The `Dataset` class aims to behave very similarly to a Python `dict`.
To access one element of `data`, we index it by using the group names

In [None]:
data["hydro"]

Each entry in the `Dataset` is a `Datagroup`.

It is also possible to store additional metadata under the `meta` property

In [None]:
data.meta

## The `Datagroup` class

The `Datagroup` can be thought of a Python `dict` of arrays,
which enforces shape alignment, so that all members of a `Datagroup` have the same length.

The elements of a `Datagroup` can be accessed using the variables names

In [None]:
data["hydro"]["density"]

Each entry in the `Datagroup` is an `Array` object, which will be described in detail below.

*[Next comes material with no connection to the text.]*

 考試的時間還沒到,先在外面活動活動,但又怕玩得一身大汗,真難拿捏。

`Dataset` and `Datagroup` both provide standard dictionary iterators,
which can be used to loop over their contents:

In [None]:
data.keys()

In [None]:
data["amr"].values()

Because it ensures all its members have the same length,
a `Datagroup` can be sliced along its length

In [None]:
data["hydro"][10:20]

## The `Array` object

Each entry in the `Datagroup` dictionary is an `Array` object:

In [None]:
a = data["hydro"]["density"]
type(a)

Its string representation lists the array's key in its parent `Datagroup`,
the minimum and maximum values in the array, its physical unit, and the number of elements in the array.

In [None]:
a

An `Array` can basically be thought of as a `numpy` array with a physical unit: 

In [None]:
a.values

In [None]:
a.unit

Operations you would normally perform on a numpy array, such as slicing, are supported:

In [None]:
a[101:255]

Note that this returns a view onto the original data, instead of making a copy.

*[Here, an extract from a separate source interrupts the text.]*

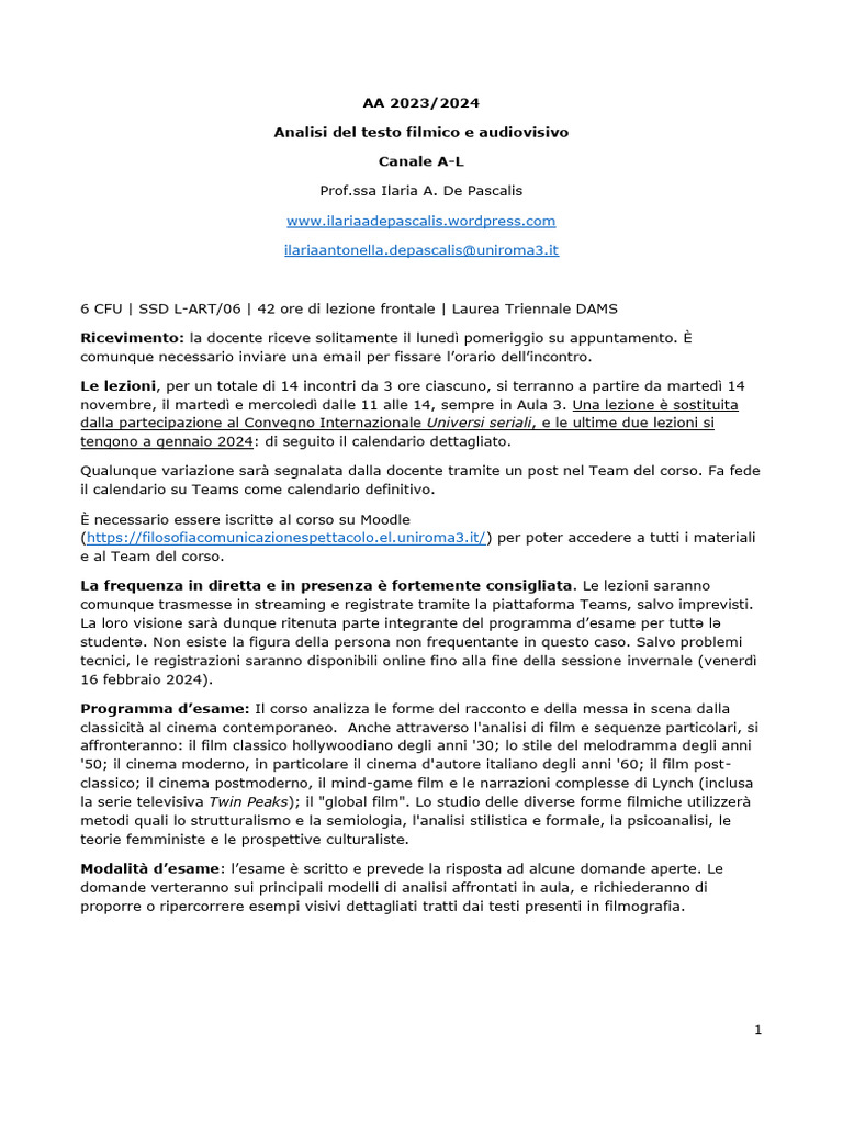 Programma d’esame: Il corso analizza le forme del racconto e della messa in scena dalla

Using `numpy`'s `array_function` and `array_ufunc` protocols, `Array` also supports most `numpy` operations, e.g.

In [None]:
np.log10(a)

In [None]:
np.sum(a)

Note that in these cases, a new `Array` is returned, and they are not attached to any `Datagroup`,
and therefore do not have a name.
To insert a new `Array` into a `Datagroup`, simply use the dictionary syntax

In [None]:
data["hydro"]["log_rho"] = np.log10(a)
data["hydro"]

### Example: find the system center

A simple way to find the centre of our protostellar system is to use the coordinate of the cell with the highest density in the simulation.

In [None]:
ind = np.argmax(data["hydro"]["density"])
center = data["amr"]["position"][ind.values]
center

## Array arithmetic and units

Units are automatically handled (and conversions carried out) when performing arithmetic on arrays.
For instance, we want to compute a new quantity which represents the mass inside each cell.

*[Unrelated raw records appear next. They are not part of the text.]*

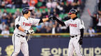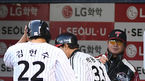 [OSEN=잠실, 곽영래 기자] 4일 오후 서울 잠실야구장에서 '2018 신한은행 MYCAR KBO리그' LG 트윈스와 두산 베어스의 경기가 열렸다.1회말 1사 2,3루 LG 박용택, 김현수가 채은성의2타점 적시타로 득점을 올리고 있다. / youngrae@osen.co.kr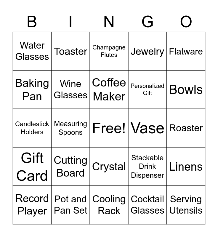 This bingo card has a free space and 29 words: Record Player, Air Fryer, Measuring Spoons, Plates, Water Glasses, Champagne Flutes, Wine Glasses, Cutting Board, Vase, Pot and Pan Set, Roaster, Serving Utensils, Cooling Rack, Cocktail Glasses, Bowls, Juicer, Crystal, Gift Card, Flatware, Candlestick Holders, Stackable Drink Dispenser, Towels, Personalized Gift, Baking Pan, Jewelry, Toaster, Linens, Coffee Maker and Candles.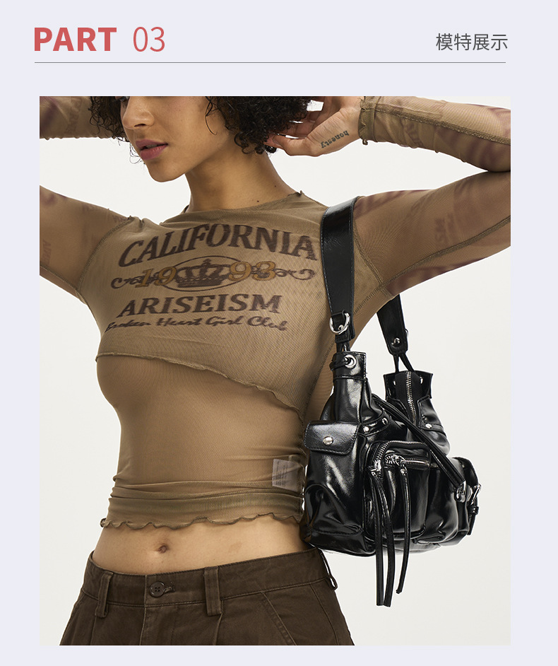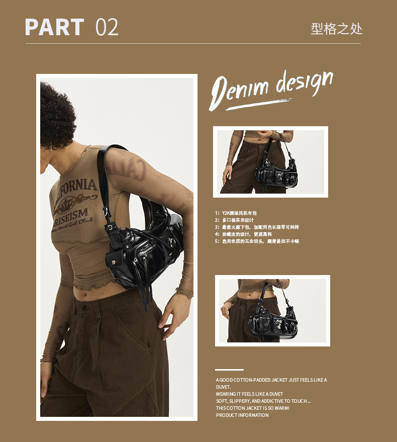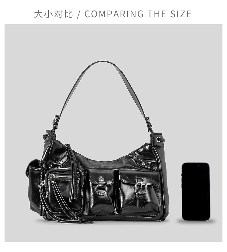 Tas kurir bahu PU wanita desain niche wanita banyak saku kapasitas besar y2g tas lengan bawah berbentuk cekung gadis panas

The data density is in `g / cm**3`

In [None]:
data["hydro"]["density"]

while the cell size is in astronomical units

In [None]:
data["amr"]["dx"]

However, we can still multiply them together

In [None]:
data["hydro"]["mass"] = data["hydro"]["density"] * (data["amr"]["dx"]**3)
data["hydro"]["mass"]

The conversion between `au` and `cm` is automatically handled by first converting both operands to their base units, before performing the operation.

This helps to free mental capacity and allows the user to focus on what is important: **doing science**.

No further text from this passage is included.